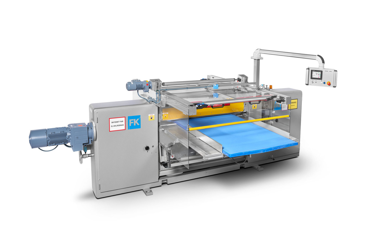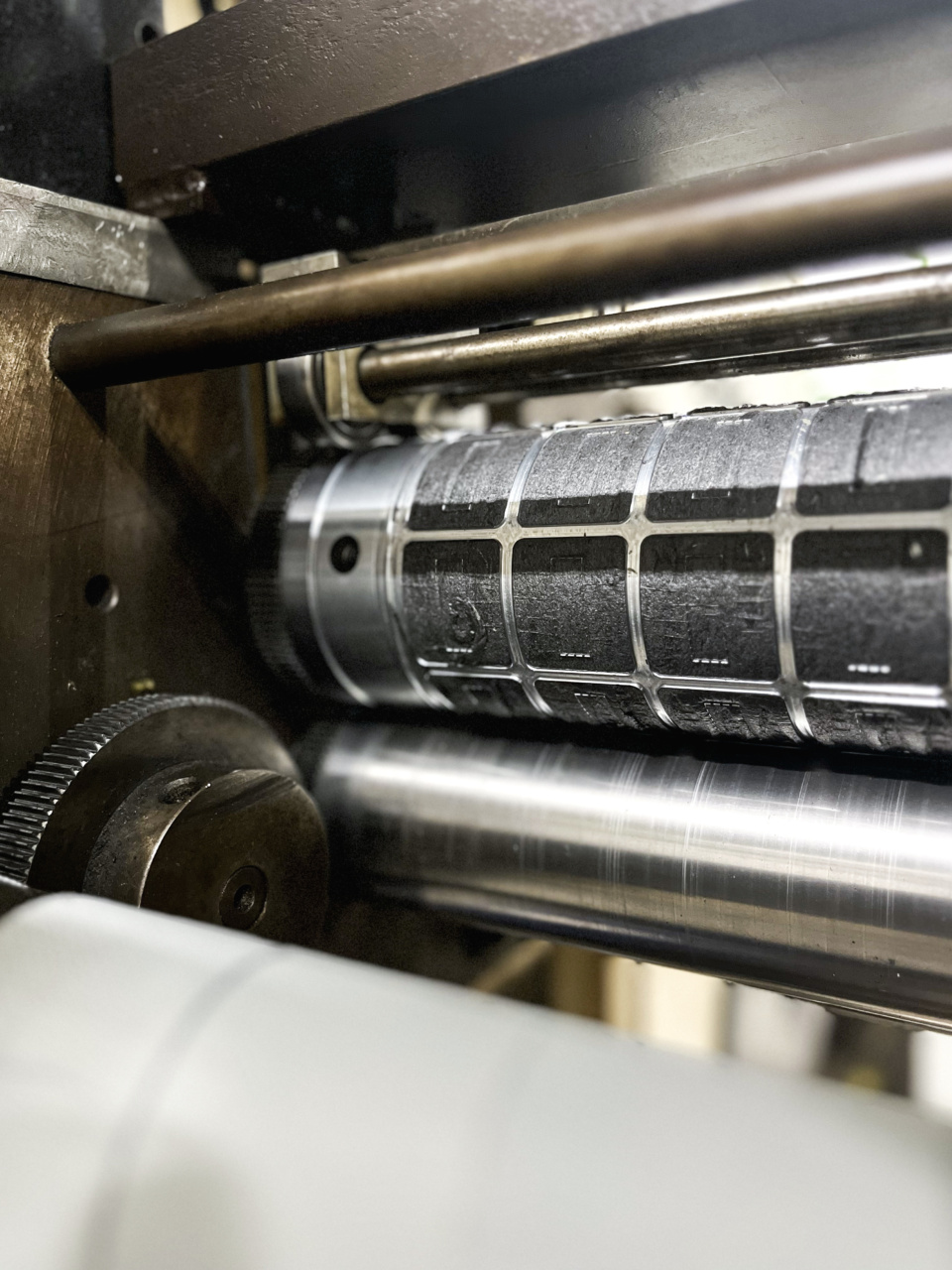 Machinery with multiples stations allows laminating and cutting multiple layers of materials. Cylindrical steel dies rotate over the material to cut precise shapes at high speeds.
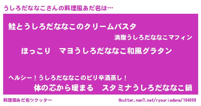 | 男性向けラノベタイトル風あだ名 | 『この素晴らしい世界にうしろだななこを!』 |
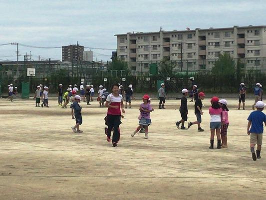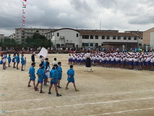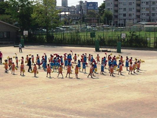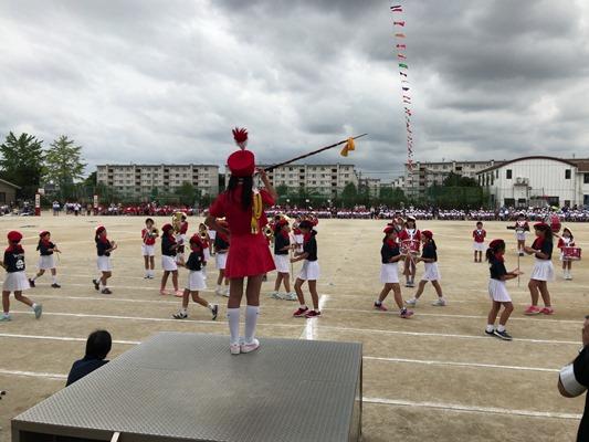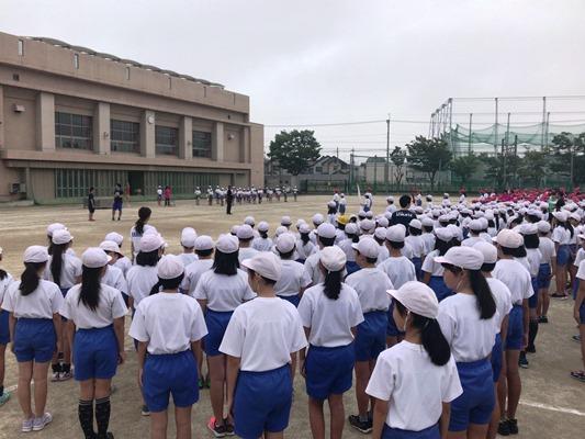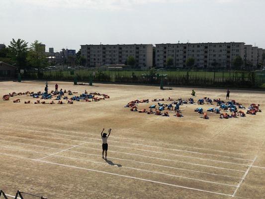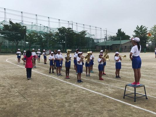 今日は、朝から運動会の第1回全体練習がありました。今日は、開会式と閉会式の練習です。金管バンドクラブの人たちによる演奏にのせて、行進の練習をしました。初めは、そろわない所もありましたが、練習しているうちにかなり上手になってきました。
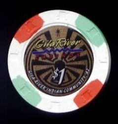 | 17. | Gila River Indian Casino Gila River AZ, 1.00 White chip, 2 green / 2 orange inserts, H&C mold, circle inlay
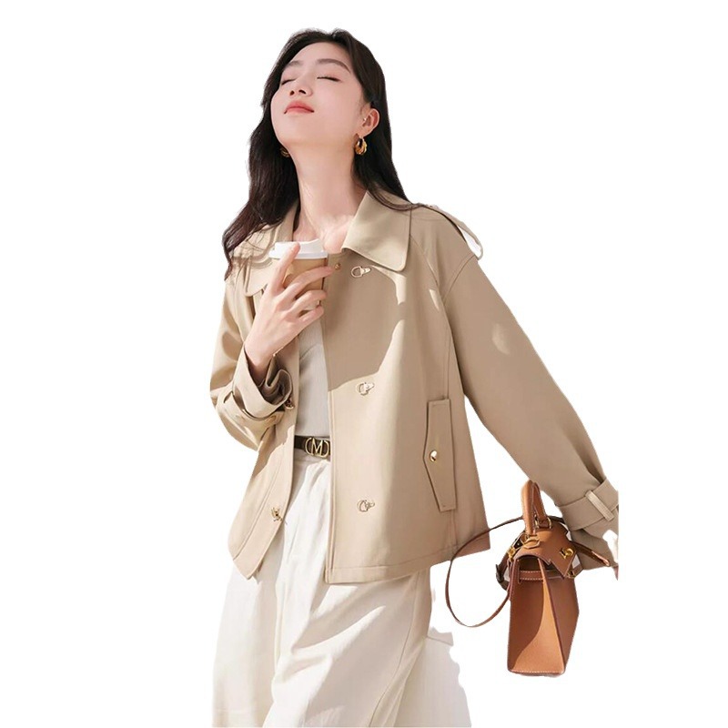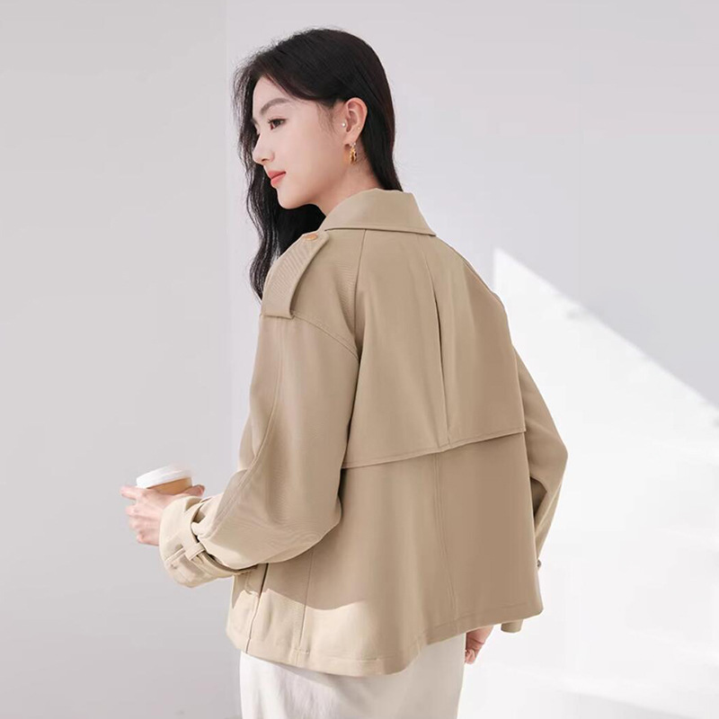 khaki short trench coat women's short 2024 spring new British style lapel casual coat J841140801
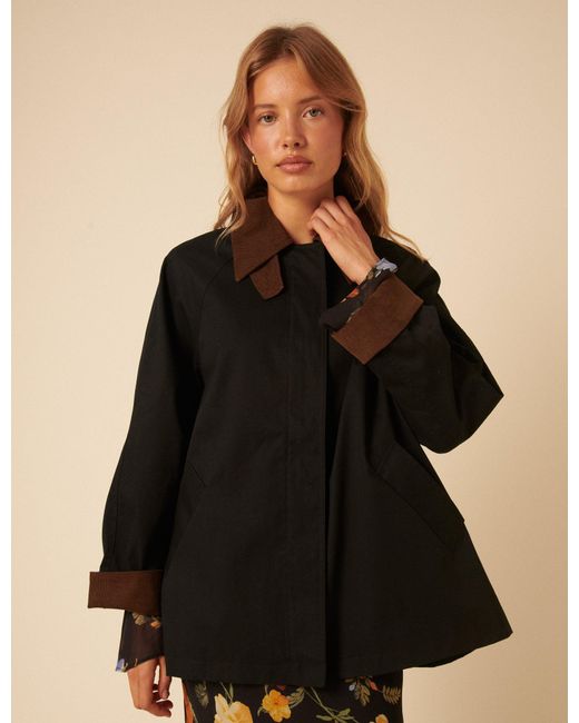 Funnel tab collar Silver-toned popper buttons Long sleeves Side pockets Back storm vent Lightly lined Concealed zip fastening Size tip: we recommend sizing down
****
**WORK TO COMPLETE**. Once the line holding "khaki short trench" is found, set down that line and every line after it, exactly, through the last line of the records above, omitting pictures.

**OUTPUT FOR THIS EXERCISE**.
 khaki short trench coat women's short 2024 spring new British style lapel casual coat J841140801
 Funnel tab collar Silver-toned popper buttons Long sleeves Side pockets Back storm vent Lightly lined Concealed zip fastening Size tip: we recommend sizing down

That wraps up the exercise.